But the big factor in this is all the environment that changes. If it doesn't change, then they are going to remain the same, save for small tweaks here and there.
I don't really understand what you mean by that.
Furthermore as a medical professional you really ought to be more responsible with the way you disseminate information when talking about infections diseases, particularly
herpes- at least inform people that there are multiple types of herpes (zoster, simplex, and their subtypes) and different types will tend to infect different locations, and be transmitted in different manners. Cold sores, for example, are one type of HSV, whilst the sexually-transmitted herpes is another. Best to look this up in detail if you would like to know.
Anyway, regarding the interaction between environmental, pathogenic and human factors:
Consider, for example, that the influenza virus antigenic presentation (i.e. the challenge it presents to our adaptive immune system) changes little by little for the most part, and our immune system will sooner or later latch on to these changes (maybe with some help from flu shots: evidence is sometimes equivocal on this count).
However there are two major events that dramatically influence the nature of influenza and the extent of population illness: antigenic
drift and antigenic
shift. Drift basically means change in the antigenic presentation at an increased rate, that will leave the immune system (and medicine) behind for a while, resulting in outbreaks (this happens once every 20 years or so). Shift, however, is a sudden mutation of a population that completely alters the presentation of the flu virus, leaving the population completely flat-footed and causing widespread epidemics. This happens about once every 100 years or so.
As you can see from this single example, while the fundamental principles that everything is connected to everything and therefore everything changes sooner or later, these changes can present sometimes overwhelming challenges to human survival.

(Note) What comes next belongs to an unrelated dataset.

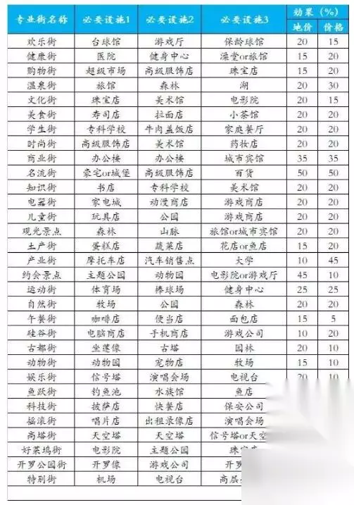 1、欢喜街: 台球馆+游戏厅+保龄球馆 提高地价20% 提高商品价格15% 其它版别称号↓ 欢喜街:柏青哥店 游戏中心 保龄球场 2、健康街: 医院+健身中心+浴室 或 旅馆 提高地价15% 提高商品价格20% 其它版别称号↓ 健康街:医院 健身房 浴场 或 旅馆 3、购物街: 超级市场+高档服饰店+珠宝店 提高地价15% 提高商品价格20% 其它版别称号↓ 购物街:超市 时装店 珠宝店 4、温泉街: 旅馆+树林+湖 提高地价20% 提高商品价格30% 其它版别称号↓ 温泉街:旅馆 湖 森林 或 岩石 5、文化街: 珠宝店+美术馆+电影院 提高地价20% 提高商品价格15% 其它版别称号↓ (这条找到的新旧版别称号相同) 6、美食街: 寿司店+拉面店+小茶馆 提高地价20% 提高商品价格20% 其它版别称号↓ 美食街:寿司店 拉面店 居酒馆 7、学生街: 专科校园+牛肉盖饭馆+家庭餐厅 提高地价20% 提高商品价格20% 其它版别称号↓ 学生街:专业校园 牛丼店 家庭餐厅 8、时髦街: 高档服饰店+美术馆+药妆店 提高地价20% 提高商品价格20% 其它版别称号↓ 纨绔子弟街:时装店 美术馆 药品店 9、商业街: 办公楼+办公楼+城市宾馆 提高地价35% 提高商品价格30% 其它版别称号↓ 商业街:办公楼 办公楼 奢华宾馆 10、名人街: 大豪宅+高档服饰店+百货 提高地价50% 提高商品价格50% 其它版别称号↓ 名人街:大豪宅(住所) 时装店 百货商铺 11、常识街: 书店+专科校园+美术馆 提高地价20% 提高商品价格20% 其它版别称号↓ 常识街:书店 专门校园 美术馆 12、电器街: 家电城+动漫商铺+游戏商铺 提高地价20% 提高商品价格20% 其它版别称号↓ 秋叶街:家电大卖场 动漫店 游戏店 13、儿童街: 玩具店+公园+游戏商铺 提高地价20% 提高商品价格20% 其它版别称号↓ 儿童街:玩具店 公园 游戏店 14、参观景点: 树林+山脉+ 城市宾馆 或 旅馆 提高地价20% 提高商品价格20% 其它版别称号↓ 参观地:森林 山坡 旅馆 或 奢华宾馆 15、特产街: 蛋糕店+蔬菜店+花店 或 鱼店 提高地价15% 提高商品价格20% 其它版别称号↓ 本地街:西点店 蔬菜店 花店或 鱼店 16、工业街: 摩托车店+轿车销售点+大学 提高地价10% 提高商品价格45% 其它版别称号↓ 工业街:机车营销店 轿车市场 大学 17、约会景点: 主题公园+动物园+电影院 或 游戏厅 提高地价45% 提高商品价格10% 其它版别称号↓ 幽会点:主题公园 动物园 电影院 或 游戏中心 18、运动街: 体育场+棒球场+健身中心 提高地价25% 提高商品价格25% 其它版别称号↓ 运动街:体育场 棒球场 健身房 19、天然街: 草场+公园+湖 或 树林 提高地价20% 提高商品价格20% 其它版别称号↓ 天然街:草场 公园 湖 或 森林 20、午饭街: 咖啡店+便利店+面包店 提高地价15% 提高商品价格5% 其它版别称号↓ 便餐街:咖啡店 便利店 面包店 21、硅谷街: 电脑商城+手机商铺+游戏公司 提高地价10% 提高商品价格20% 其它版别称号↓ 硅谷街:IT商城 手机卖场 游戏公司 22、古都街: 大佛像+三重塔+神社 提高地价20% 提高商品价格10% 其它版别称号↓ 古都之街:大佛寺 三重塔 神社 23、动物街: 动物园+宠物店+草场 提高地价15% 提高商品价格10% 其它版别称号↓ 动物街:动物园 宠物店 草场 24、文娱街: 信号塔+演唱会场+电视台 提高地价20% 提高商品价格10% 其它版别称号↓ 文娱街:信号塔 实况会场 电视局 25、鱼跃街: 钓鱼池+水族馆+鱼店 提高地价15% 提高商品价格10% 其它版别称号↓ 海味街:钓鱼池 水族馆 鱼屋 26、黑客街: 披萨店+快餐店+保安公司 提高地价5% 提高商品价格25% 其它版别称号↓ 黑客街:比萨店 快餐店 保安公司 27、摇滚街: 唱片店+租借录像店+演唱会场 提高地价5% 提高商品价格20% 其它版别称号↓ 摇滚街:唱片店 录像店 实况会场 28、高塔街: 天空塔+天空塔+信号塔 提高地价30% 提高商品价格30% 其它版别称号↓ 闹鬼塔街:摩天高塔 摩天高塔 信号塔 29、好莱坞街: 电影院+主题公园+高档服饰店 或 珠宝店 提高地价20% 提高商品价格25% 其它版别称号↓ 好莱坞街:电影院 主题公园 时装店 或 珠宝店 30、航天飞机街: 火箭发射台+天空塔+机场 提高地价30% 提高商品价格30% 其它版别称号↓ 络绎街:太空游览局 摩天高塔 机场

So bottom line: there is no assured security in this competitive environment. There are many more factors than simply medications (you can consider this the icing on the cake even). The issue with pharmacological treatment is that anything carries risk factors, and so do drugs. Much of the advances and improvements in health outcomes is to do with social engineering and infrastructure more than anything else, which pretty much reduce prevalence of modes of infectious transmission and therefore risk factors to illness.
If you are at a place where people are always sick you might just adapt and become immune to the sickness.
This depends on the illness! Epidemiology is devoted to studying what applies to what: for example your risk of having thalassaemia is pretty much entirely tied to your ethnicity, but if you move countries while you're under 15, you will tend to inherit the risk of Multiple Sclerosis in the country you move to!